Systems Theory

Complex system science has arisen through the understanding that components and interactions between them are rarely linear and isolated (Chorley & Kennedy, 1971). Component variations can result in disturbances reverberating across temporal and spatial scales. The outcome of this can be severe system instability or even collapse. Complete knowledge of a system therefore cannot be achieved through studying isolated sections alone. Systems are more than the sum of its parts and thus far societies have proved this by continuing to apply practises that persistently result in degradation.

Societies rely on the philosophy of optimisation and efficiency (Walker & Salt, 2006). Optimisation reduces system to a small group or quantifiable components that is believed to influence the desired outcome. Insignificant mechanisms are ignored. In environmental systems, ecosystem services are often undervalued or discounted (Berkes et al., 2000). Efficiency attempts to streamline the system structure and functions in order to maximise a particular outcome. Interactions and components not judged to be advantageous to the outcome are removed or supressed. This philosophy is commonly applied in order to achieve the maximum sustainable yield for a given component outcome.

This reductionist approach has as its aim to achieve system stability. A maximum outcome yield is acquired when the system functions are at their most efficient and by keeping the components in place. This stability is threatened through failure to recognise that change is nonlinear and at scales above and below the focal level (Gunderson, 2002). Disturbances from emergent behaviour and extrinsic processes can lead to resonating effects that alter the system and create a new system identity. The desirability of the new state can be greatly removed from the previous resulting in the reduction or complete loss of marketable value.

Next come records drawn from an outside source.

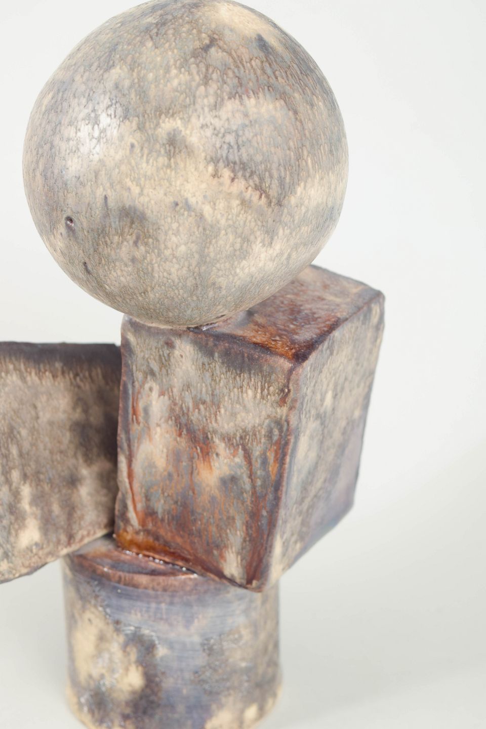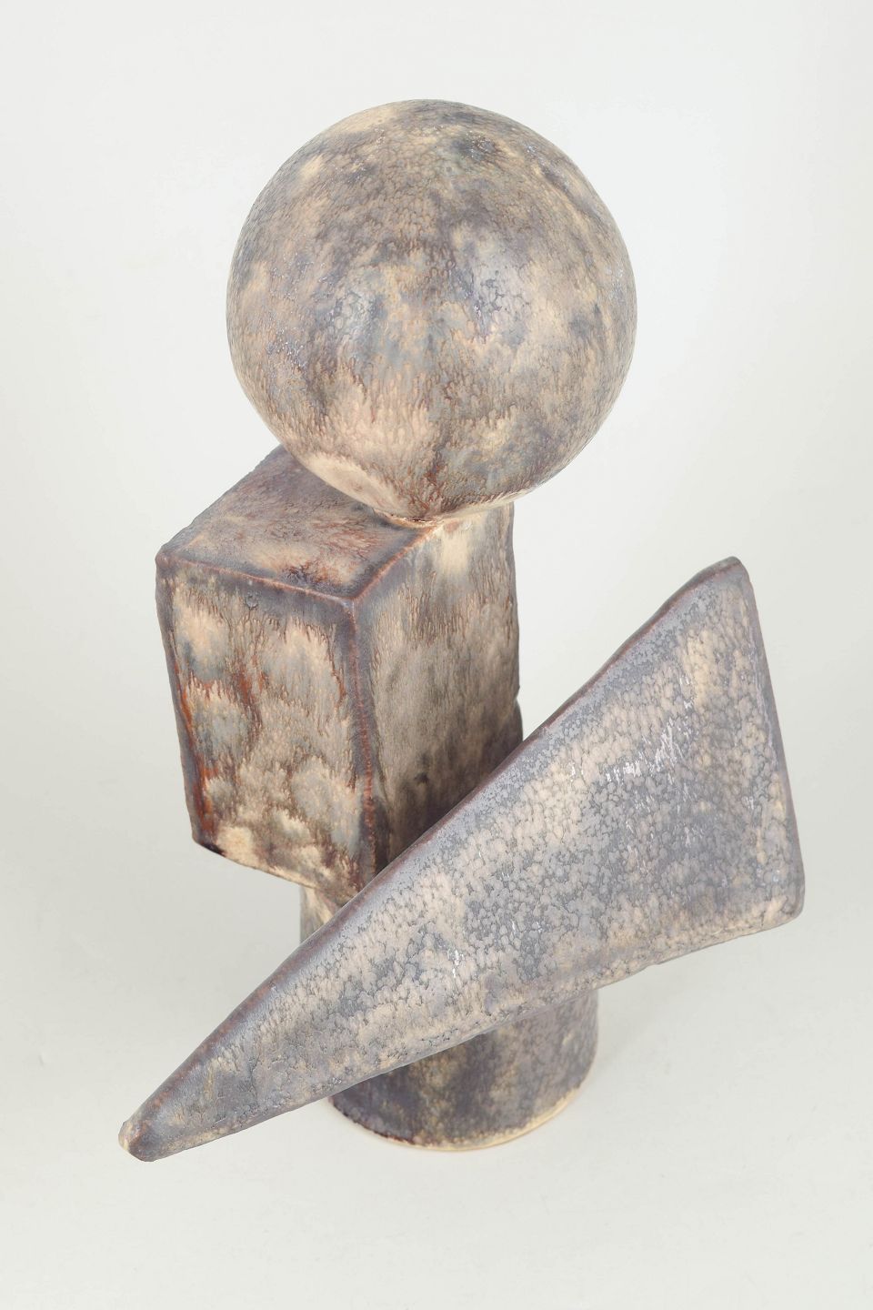 Stentøjsskulptur i kubistisk stil, med silkemat creme-grå glasur overflade.
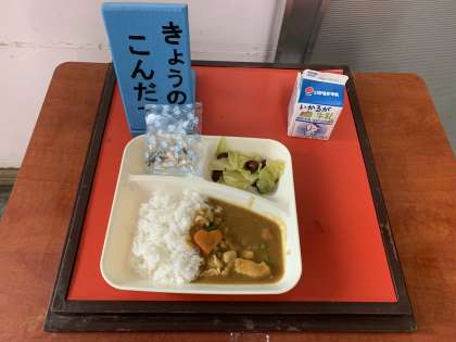 チキンカレーライス、ビーンズサラダ、アーモンドフィッシュ、牛乳 です。
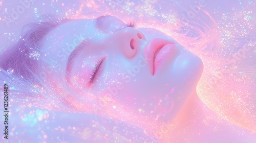 Dreamy Close-Up of a Serene Face with Delicate Features and Glow
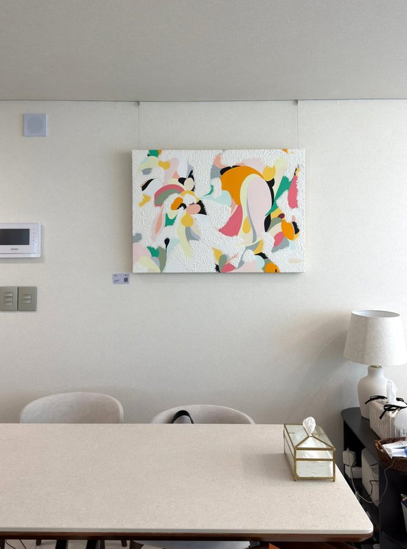 주관적인 감정의 형태를 화폭에 옮겨 작가만의 언어로 재구성하여 표현된 도상들은 따스함과 몽환적인 분위기를 자아냅니다. 우리가 쉽게 지나칠 수 있는 섬세한 감정의 굴곡을 캐치하여 다양한 혼합 재료들로 특유의 질감을 표현합니다. 매초 새롭게 시작되는 ‘이 순간’은 찰나의 현재로 태어나 과거가 되어가고 있습니다. 하지만 감정과 시간이 부여되는 순간 동안은 ‘살아있는 존재’로 인식되어 다시 현존 될 수 있죠. 현재 느껴지는 감정을 현존의 증거로 시작된 작업은 한순간 동안이라도 살아있는 존재를 색채와 형태로 표현하여 ‘감정 공간’을 만들어 가는 것입니다. 작품 제목이 숫자인 것은 세월이 흘러 늙어가고 인생이 변해가듯 작품도 영원히 같은 형태로 존재하기보다 살아있는 존재처럼 시간이 흐름에 따라 장소에 따라 사람들과 같이 직함, 외모, 구성원의 유동성을 두어 보는 이에게는 ‘그 누구의 어느 날’ 혹은 ‘그 누구’, ’그 누구의 누구’도 될 수 있는 여지를 제시하기 위함입니다. 특징짓거나 규정하지 않는 새로운 형태의 작품을 보며 우리의 기억 속 자리 잡은 가장 순수한 경험을 떠올려보는 건 어떨까요?

A resilient system is able to sustain itself by maintaining the capacity to avoid or absorb unanticipated disturbances; provide continued value and to return to the ‘normal’ or desired condition. Resilient systems are able to provide value overall after a disturbance, however this may not be in the same form. System recovery is very important and depending on its societal and economic characteristics, will need to achieve this relatively quickly, but the system’s ability to recover at all is the crucial aspect (Walker & Salt, 2006).

The identity of a stable state is a product of the combination of the components and relationships and interactions between them (Walker et al., 2004). The system equilibrium is the current state that the system exists at. If a component or interaction is altered the equilibrium shifts. The identity can either remain the same or it can be changed entirely. Identity changes occur when system cross a threshold. This is the point at which the system can no longer absorb a disturbance and the system reacts by changing the components and relationships between them (May, 1977). Resilience is the distance to the threshold. A resilient system is far from any threshold and is able to absorb the disturbance. The system equilibrium may shift but does not cross over and the identity remains constant.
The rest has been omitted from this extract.